<<<<
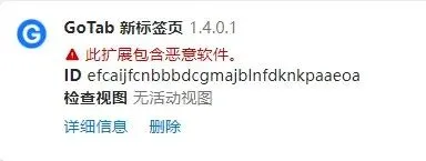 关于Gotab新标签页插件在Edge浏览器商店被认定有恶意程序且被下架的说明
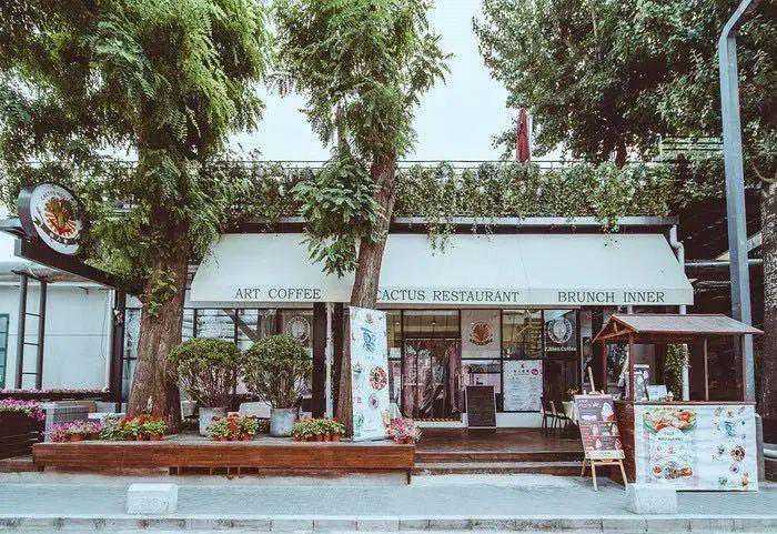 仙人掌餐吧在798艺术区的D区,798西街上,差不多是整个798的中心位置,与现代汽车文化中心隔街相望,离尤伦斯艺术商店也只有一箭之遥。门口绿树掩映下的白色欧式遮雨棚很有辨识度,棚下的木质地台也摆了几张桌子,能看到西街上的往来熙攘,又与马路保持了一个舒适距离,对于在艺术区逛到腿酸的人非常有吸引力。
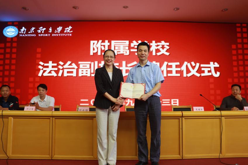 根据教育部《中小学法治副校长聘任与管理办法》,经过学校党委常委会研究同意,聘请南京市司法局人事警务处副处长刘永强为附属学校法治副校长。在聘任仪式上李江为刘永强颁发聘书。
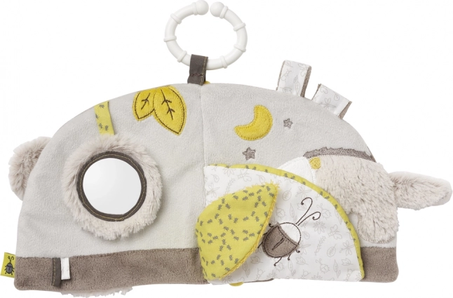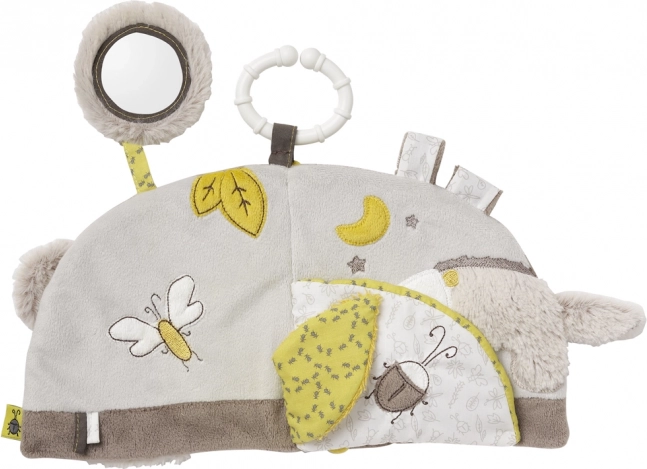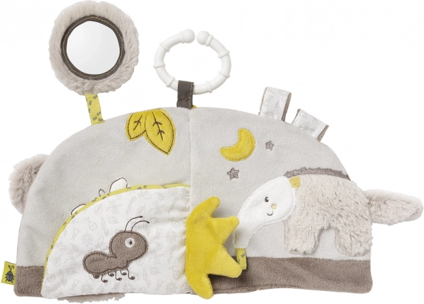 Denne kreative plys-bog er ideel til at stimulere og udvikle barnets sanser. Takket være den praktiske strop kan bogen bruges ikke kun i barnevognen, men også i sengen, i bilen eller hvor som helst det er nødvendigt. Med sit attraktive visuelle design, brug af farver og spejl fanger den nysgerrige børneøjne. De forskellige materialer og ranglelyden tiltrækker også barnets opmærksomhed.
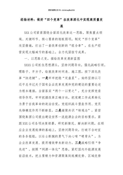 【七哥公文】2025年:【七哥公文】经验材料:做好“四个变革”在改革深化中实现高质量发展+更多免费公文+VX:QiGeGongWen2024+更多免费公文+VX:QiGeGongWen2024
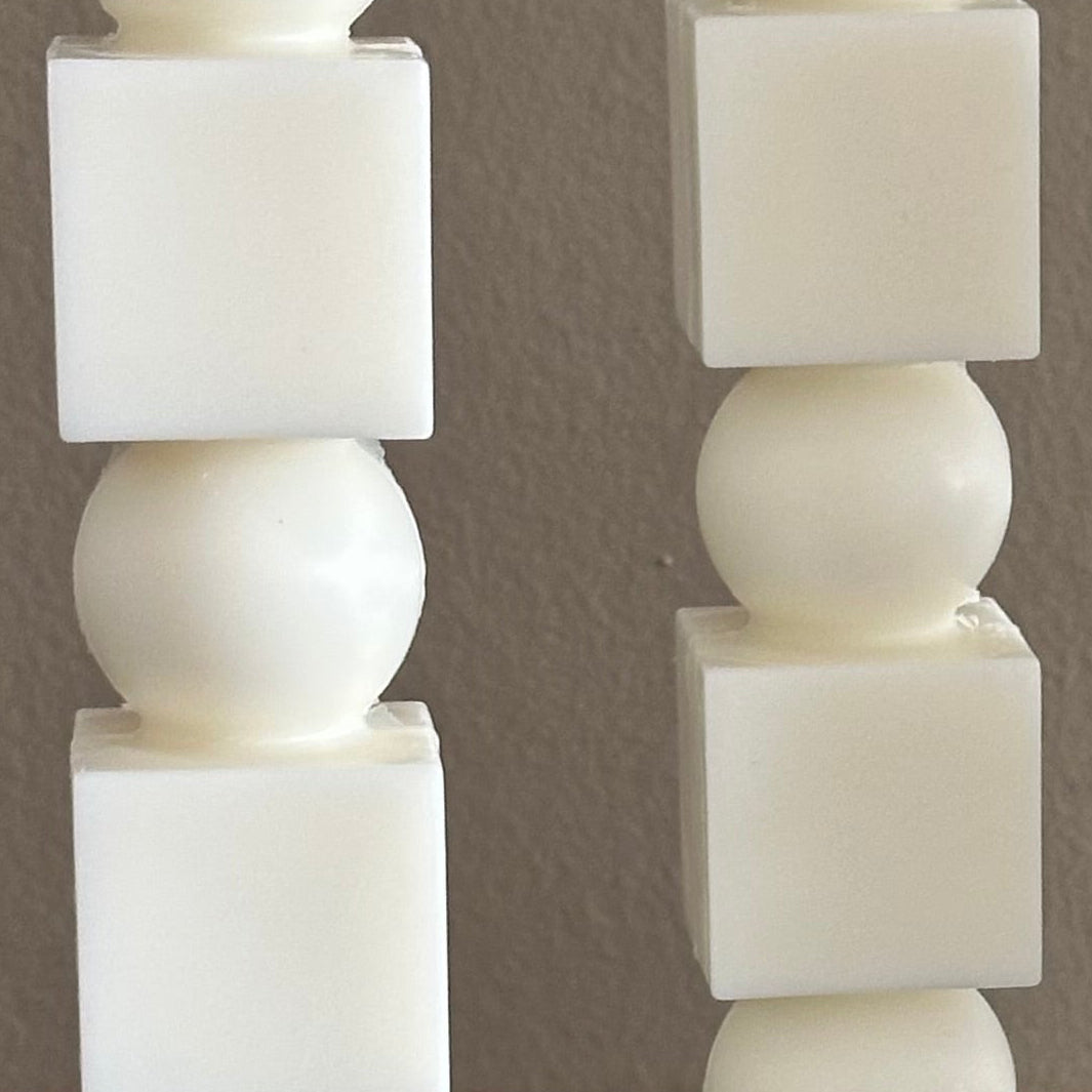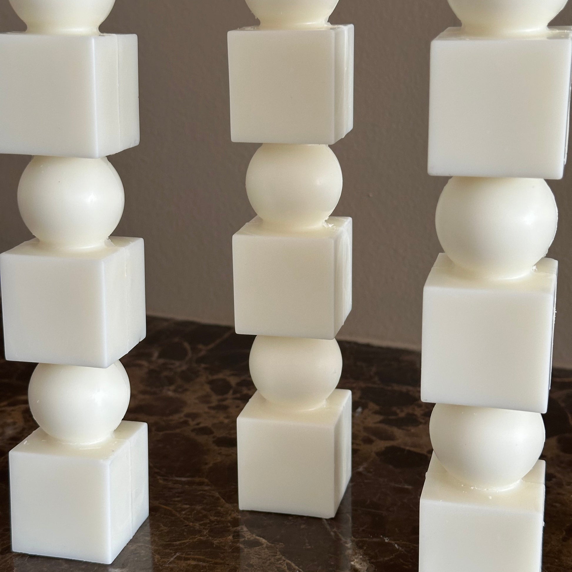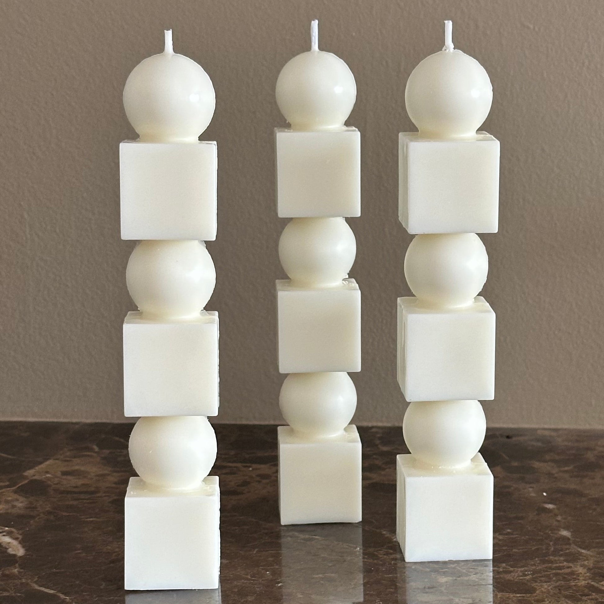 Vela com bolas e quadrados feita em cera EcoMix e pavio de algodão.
>>>>
• _Exercise goal_
Once the pictures are set aside, please output all the data word for word.

• _Response to this task_
 关于Gotab新标签页插件在Edge浏览器商店被认定有恶意程序且被下架的说明
 仙人掌餐吧在798艺术区的D区,798西街上,差不多是整个798的中心位置,与现代汽车文化中心隔街相望,离尤伦斯艺术商店也只有一箭之遥。门口绿树掩映下的白色欧式遮雨棚很有辨识度,棚下的木质地台也摆了几张桌子,能看到西街上的往来熙攘,又与马路保持了一个舒适距离,对于在艺术区逛到腿酸的人非常有吸引力。
 根据教育部《中小学法治副校长聘任与管理办法》,经过学校党委常委会研究同意,聘请南京市司法局人事警务处副处长刘永强为附属学校法治副校长。在聘任仪式上李江为刘永强颁发聘书。
 Denne kreative plys-bog er ideel til at stimulere og udvikle barnets sanser. Takket være den praktiske strop kan bogen bruges ikke kun i barnevognen, men også i sengen, i bilen eller hvor som helst det er nødvendigt. Med sit attraktive visuelle design, brug af farver og spejl fanger den nysgerrige børneøjne. De forskellige materialer og ranglelyden tiltrækker også barnets opmærksomhed.
 【七哥公文】2025年:【七哥公文】经验材料:做好“四个变革”在改革深化中实现高质量发展+更多免费公文+VX:QiGeGongWen2024+更多免费公文+VX:QiGeGongWen2024
 Vela com bolas e quadrados feita em cera EcoMix e pavio de algodão.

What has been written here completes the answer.